* HOW TO COMPLETE THIS TASK: Whenever an image turns up, omit it and return the remaining data exactly.

* COLLECTED DATA:

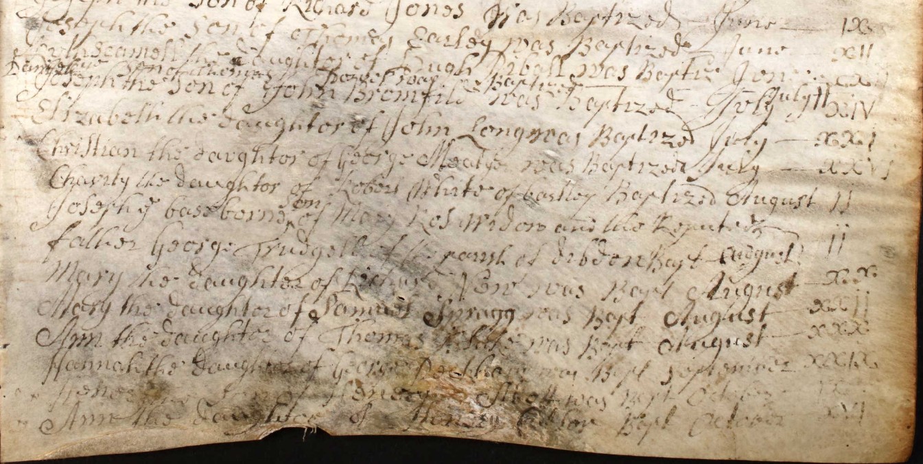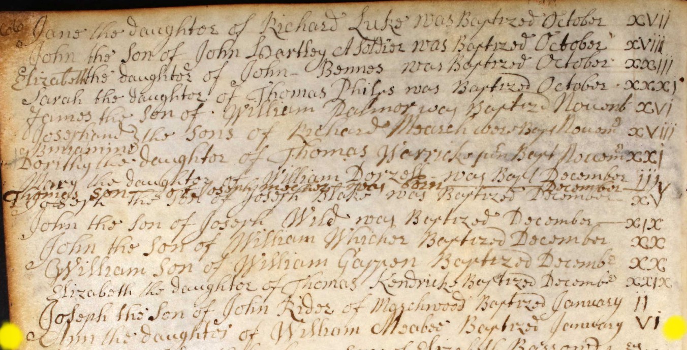 Above is not from the Parish Register but is an extract from the Probate copy of Robert Bourne's Will.
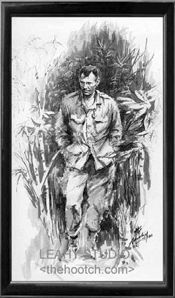 "October 1967, in the Hai Lang Forest, south of Quang Tri, during Operation Medina. Delta Co. 1/1 skipper reflects on his unit's coming to the aid of an ambushed brother company, in the dense piedmont. Edition of 190 prints with 10 artist's proofs."
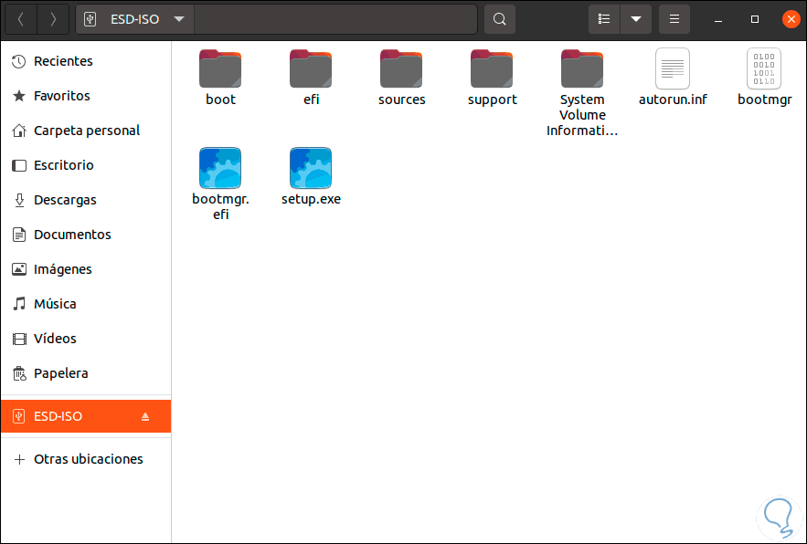 Este proceso expulsará el USB de forma automática, conectamos el USB y al acceder observamos los archivos para instalar Windows 10 desde allí. Estamos listos para usar esta USB y desde ella instalar Windows 10.

* THE ANSWER:
 Above is not from the Parish Register but is an extract from the Probate copy of Robert Bourne's Will.
 "October 1967, in the Hai Lang Forest, south of Quang Tri, during Operation Medina. Delta Co. 1/1 skipper reflects on his unit's coming to the aid of an ambushed brother company, in the dense piedmont. Edition of 190 prints with 10 artist's proofs."
 Este proceso expulsará el USB de forma automática, conectamos el USB y al acceder observamos los archivos para instalar Windows 10 desde allí. Estamos listos para usar esta USB y desde ella instalar Windows 10.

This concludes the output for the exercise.